■ Input data ■
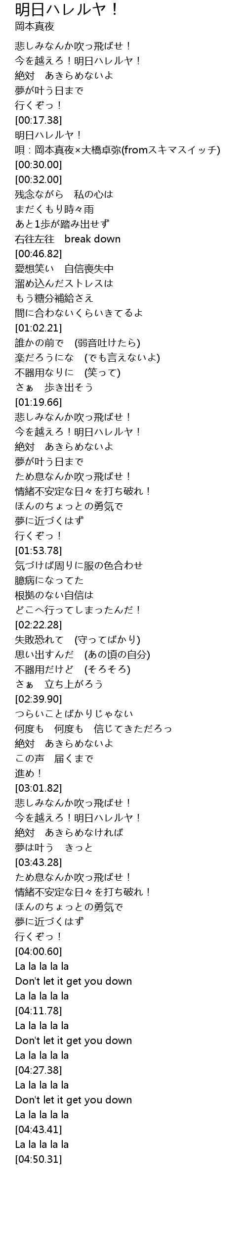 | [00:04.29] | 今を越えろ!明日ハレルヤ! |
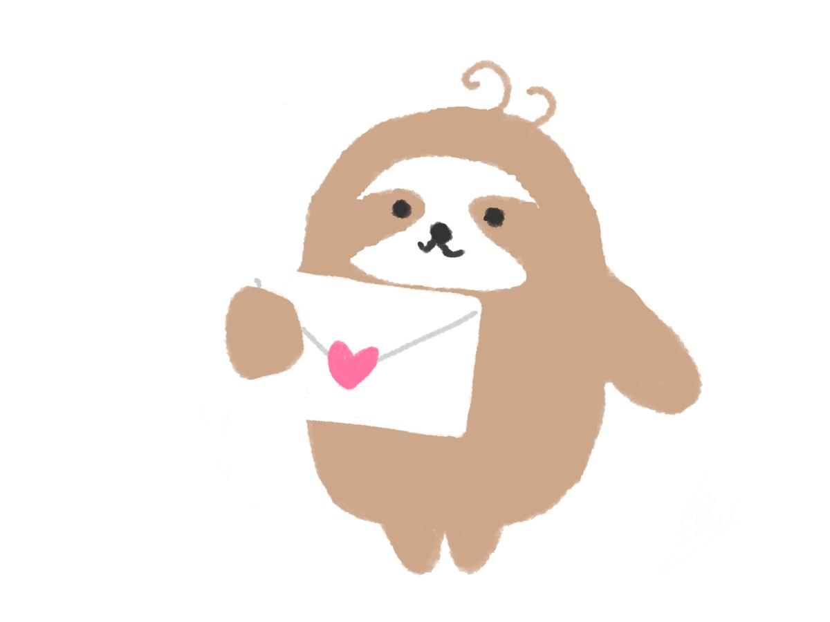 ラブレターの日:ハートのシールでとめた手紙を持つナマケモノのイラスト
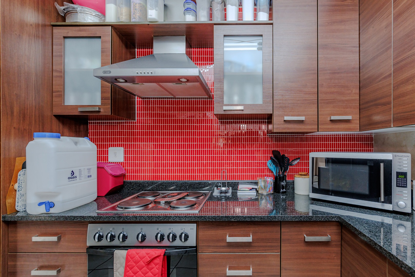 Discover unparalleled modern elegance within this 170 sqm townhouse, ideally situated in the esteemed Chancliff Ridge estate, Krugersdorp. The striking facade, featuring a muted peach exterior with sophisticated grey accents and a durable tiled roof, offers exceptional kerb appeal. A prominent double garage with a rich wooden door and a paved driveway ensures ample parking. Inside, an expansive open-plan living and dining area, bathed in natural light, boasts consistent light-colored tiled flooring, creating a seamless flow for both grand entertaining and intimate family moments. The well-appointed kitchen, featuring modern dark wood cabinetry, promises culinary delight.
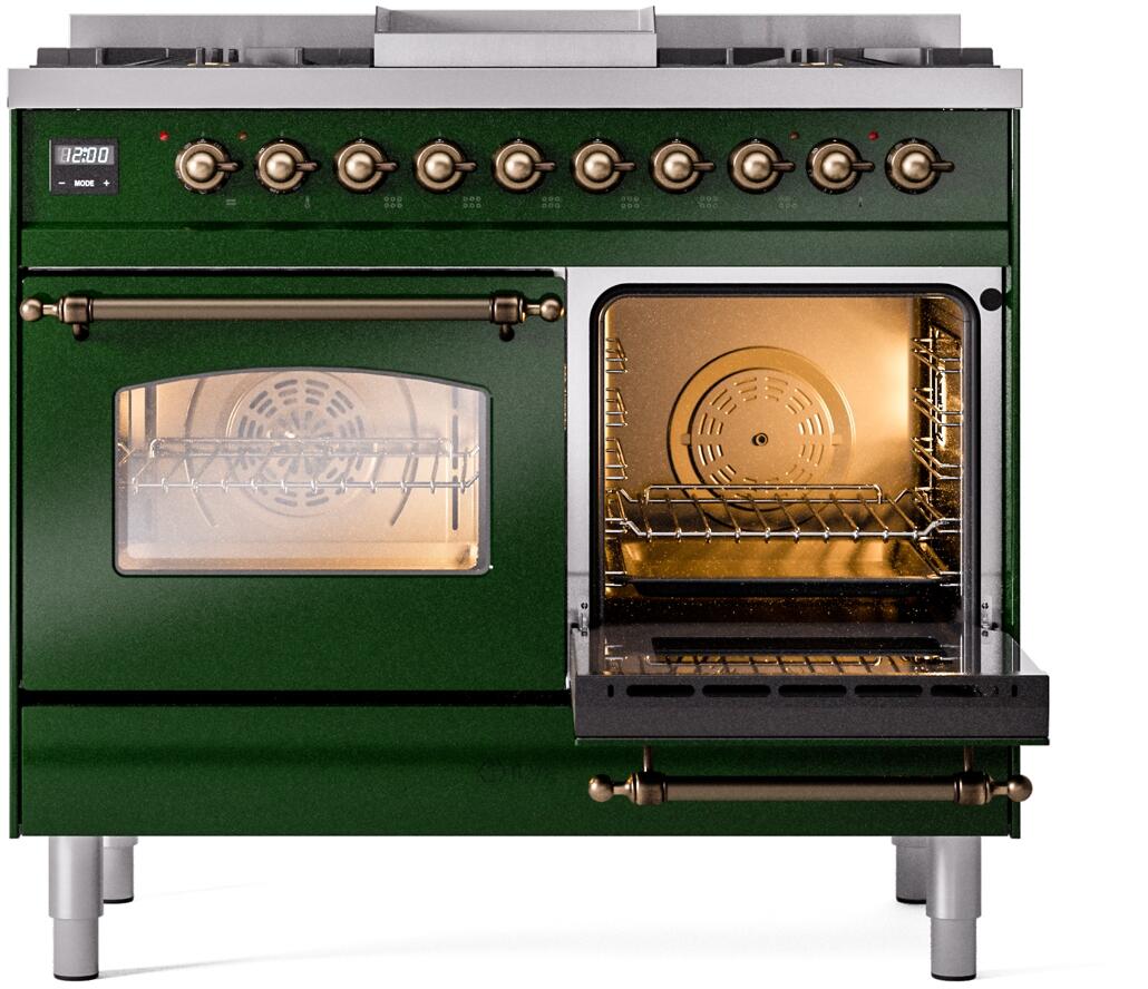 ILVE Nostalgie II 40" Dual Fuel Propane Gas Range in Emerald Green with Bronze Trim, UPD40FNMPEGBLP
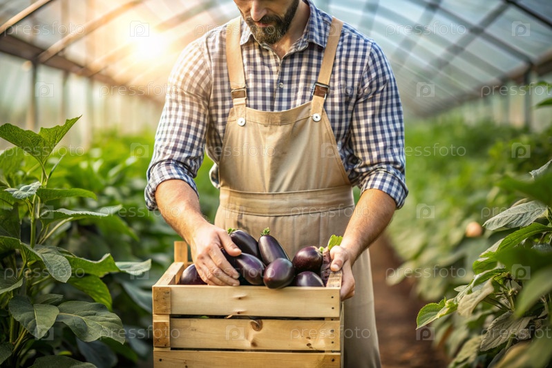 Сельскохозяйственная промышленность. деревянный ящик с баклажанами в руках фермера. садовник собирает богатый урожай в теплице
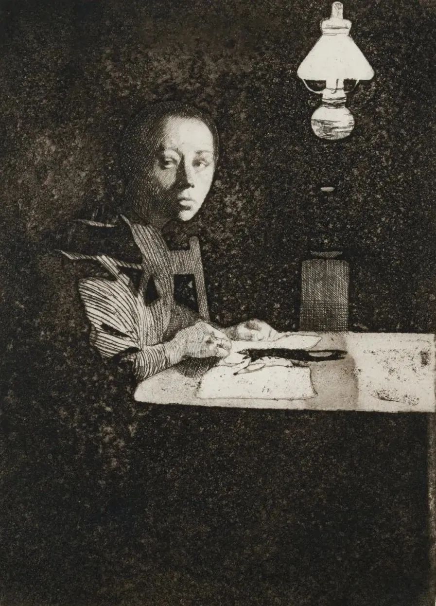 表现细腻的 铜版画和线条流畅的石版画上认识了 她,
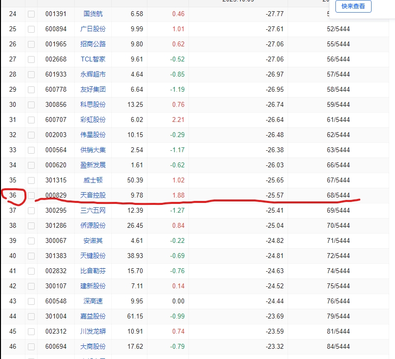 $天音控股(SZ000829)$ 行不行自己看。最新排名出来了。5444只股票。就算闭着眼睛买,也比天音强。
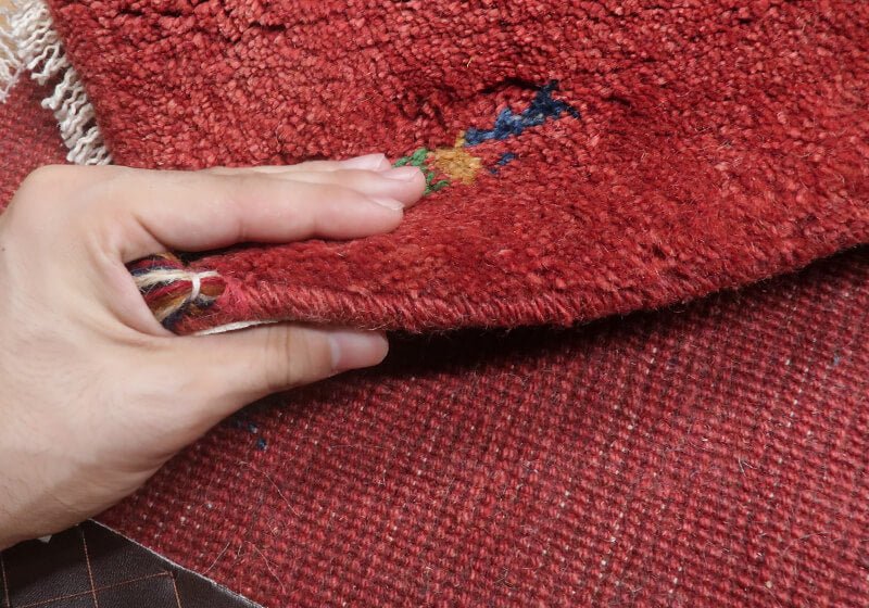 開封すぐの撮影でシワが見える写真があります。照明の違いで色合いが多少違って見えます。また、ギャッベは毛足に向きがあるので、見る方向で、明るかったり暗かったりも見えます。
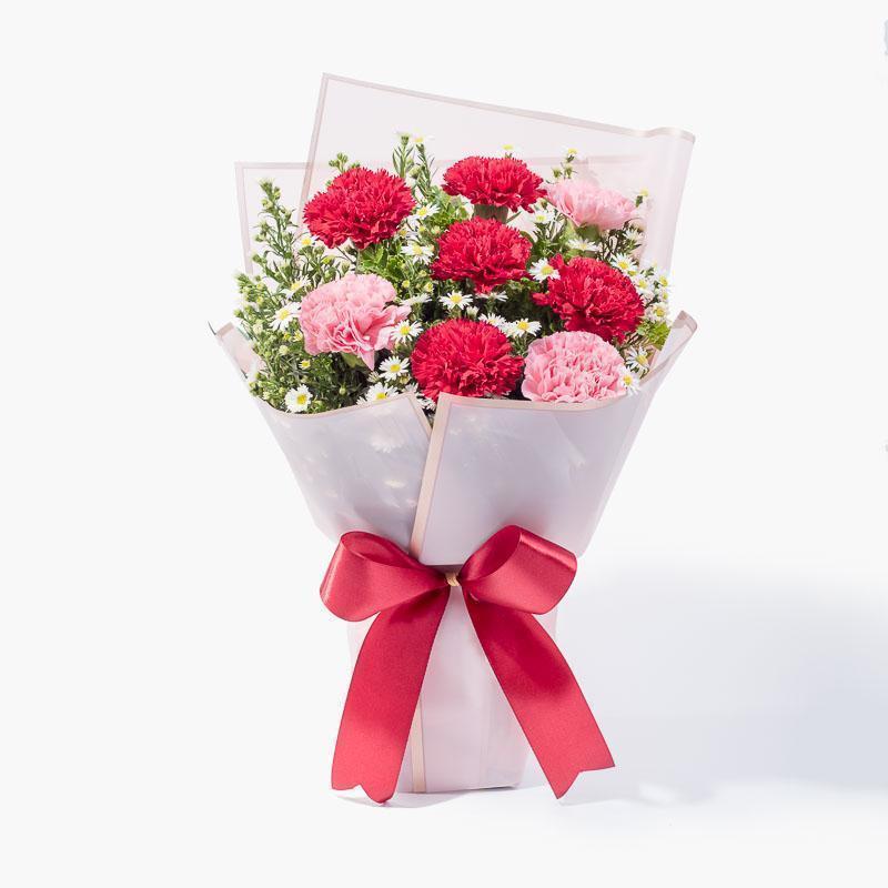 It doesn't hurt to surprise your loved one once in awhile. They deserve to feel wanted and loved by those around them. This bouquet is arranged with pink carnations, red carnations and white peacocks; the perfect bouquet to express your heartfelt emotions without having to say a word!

...

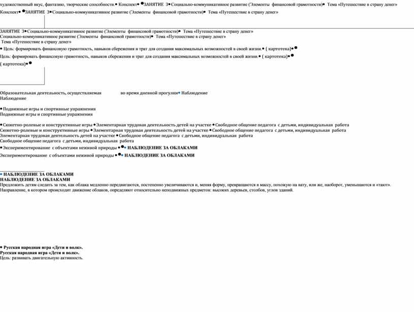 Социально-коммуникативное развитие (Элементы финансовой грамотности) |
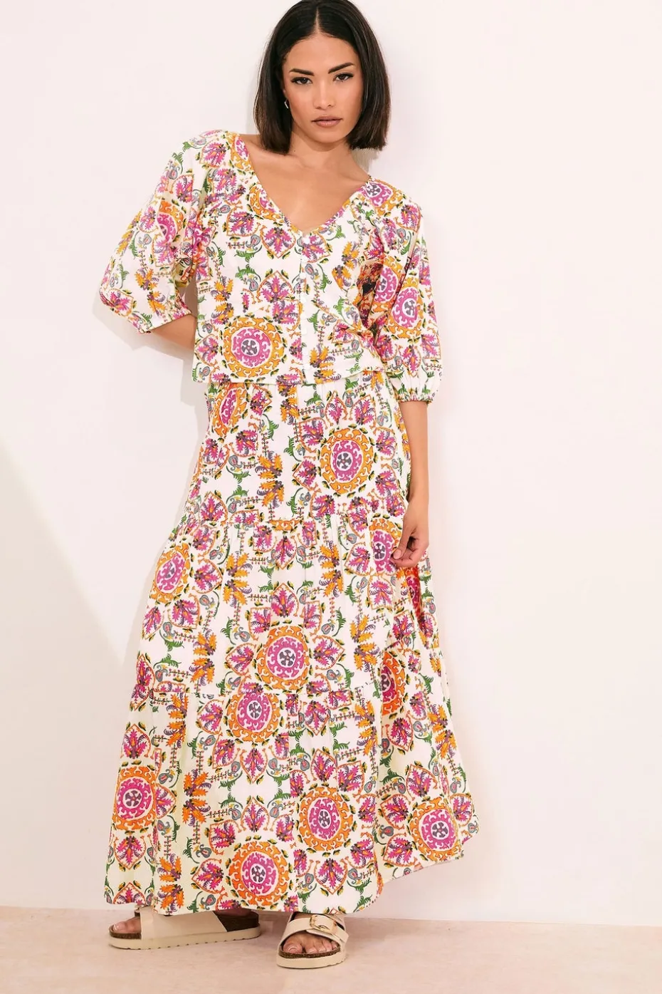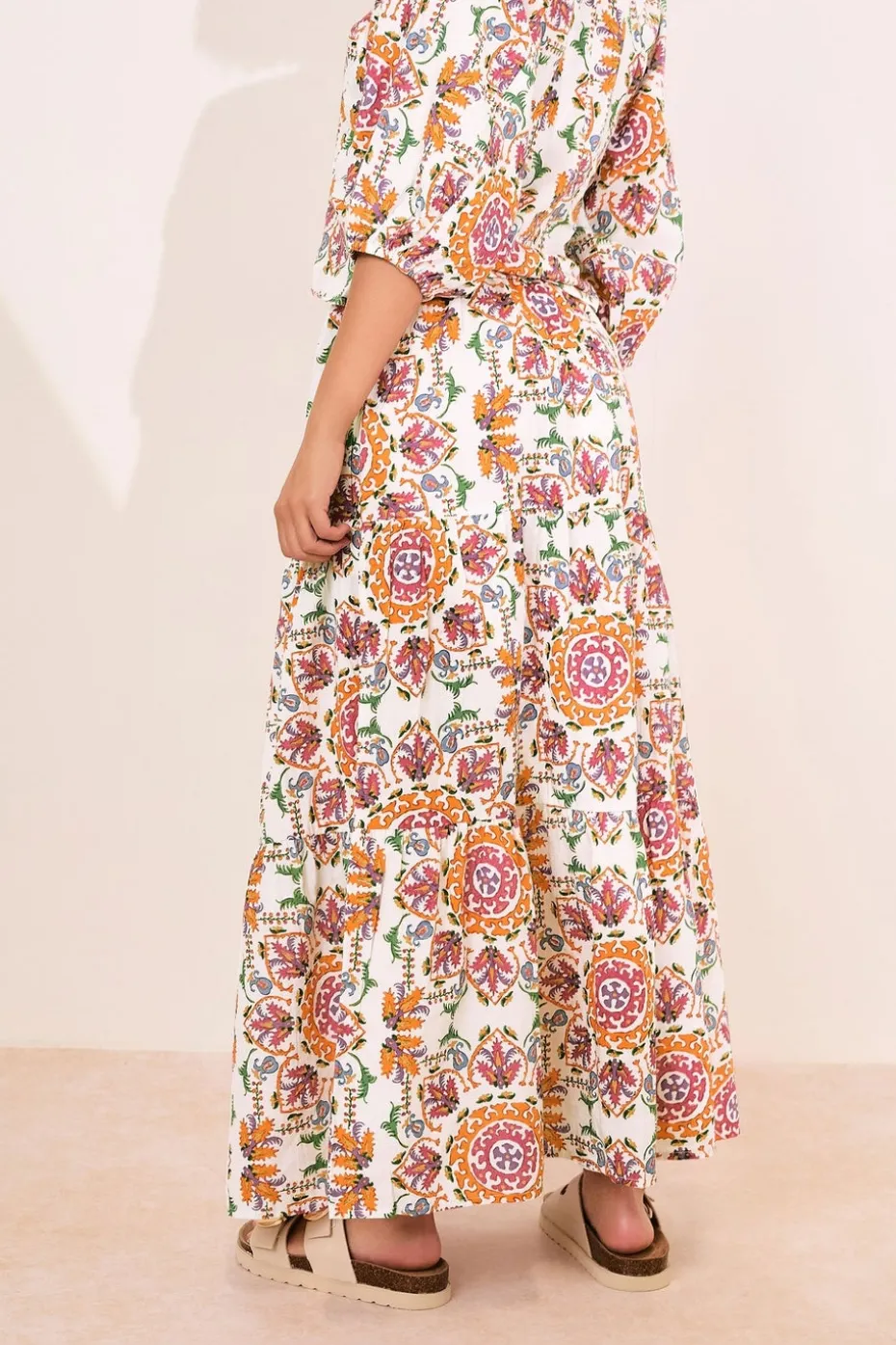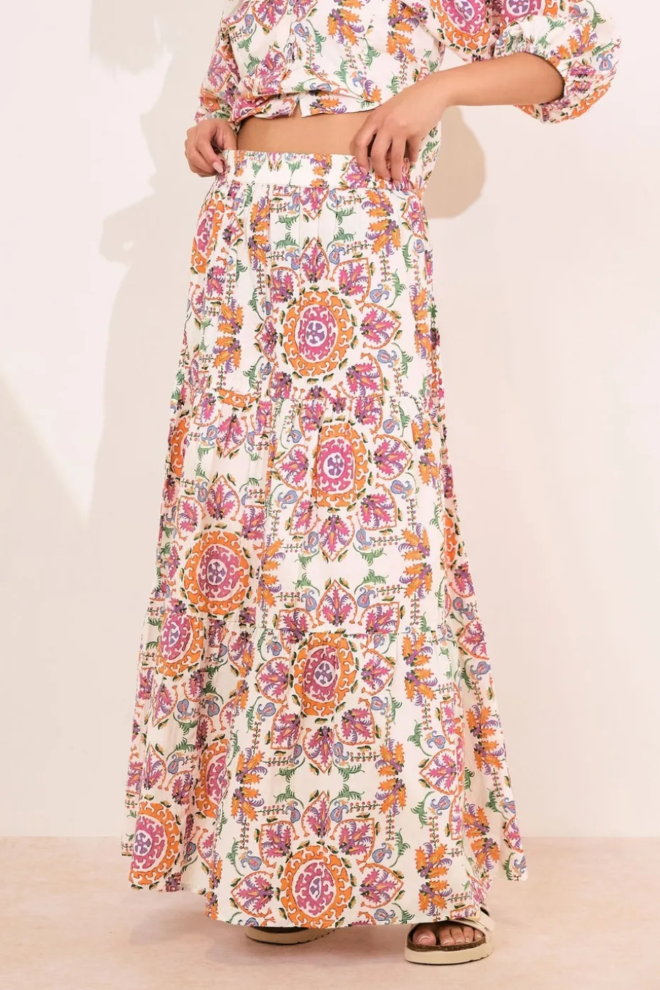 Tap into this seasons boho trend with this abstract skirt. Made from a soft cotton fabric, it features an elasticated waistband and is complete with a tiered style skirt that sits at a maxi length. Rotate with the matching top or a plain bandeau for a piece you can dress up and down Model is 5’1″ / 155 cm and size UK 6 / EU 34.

...

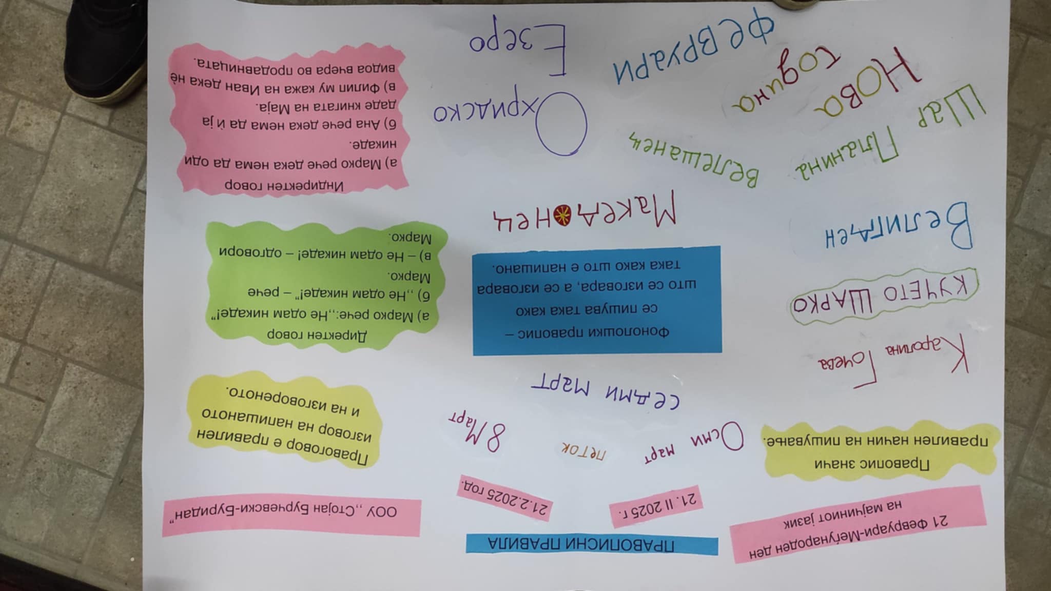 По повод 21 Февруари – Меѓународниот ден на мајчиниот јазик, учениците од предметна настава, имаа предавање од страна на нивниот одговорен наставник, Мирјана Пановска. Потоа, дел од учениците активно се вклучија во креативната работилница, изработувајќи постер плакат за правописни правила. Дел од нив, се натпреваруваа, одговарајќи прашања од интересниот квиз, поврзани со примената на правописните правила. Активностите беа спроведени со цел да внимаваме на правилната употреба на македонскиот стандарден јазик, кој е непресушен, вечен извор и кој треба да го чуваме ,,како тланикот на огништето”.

■ Activity ■
Taking the entries above, extract every line from the one bearing "Сельскохозяйственная промышленность. деревянный" through the one bearing "It doesn't hurt", exactly, with no pictures.

■ Result for this task ■
 Сельскохозяйственная промышленность. деревянный ящик с баклажанами в руках фермера. садовник собирает богатый урожай в теплице
 表现细腻的 铜版画和线条流畅的石版画上认识了 她,
 $天音控股(SZ000829)$ 行不行自己看。最新排名出来了。5444只股票。就算闭着眼睛买,也比天音强。
 開封すぐの撮影でシワが見える写真があります。照明の違いで色合いが多少違って見えます。また、ギャッベは毛足に向きがあるので、見る方向で、明るかったり暗かったりも見えます。
 It doesn't hurt to surprise your loved one once in awhile. They deserve to feel wanted and loved by those around them. This bouquet is arranged with pink carnations, red carnations and white peacocks; the perfect bouquet to express your heartfelt emotions without having to say a word!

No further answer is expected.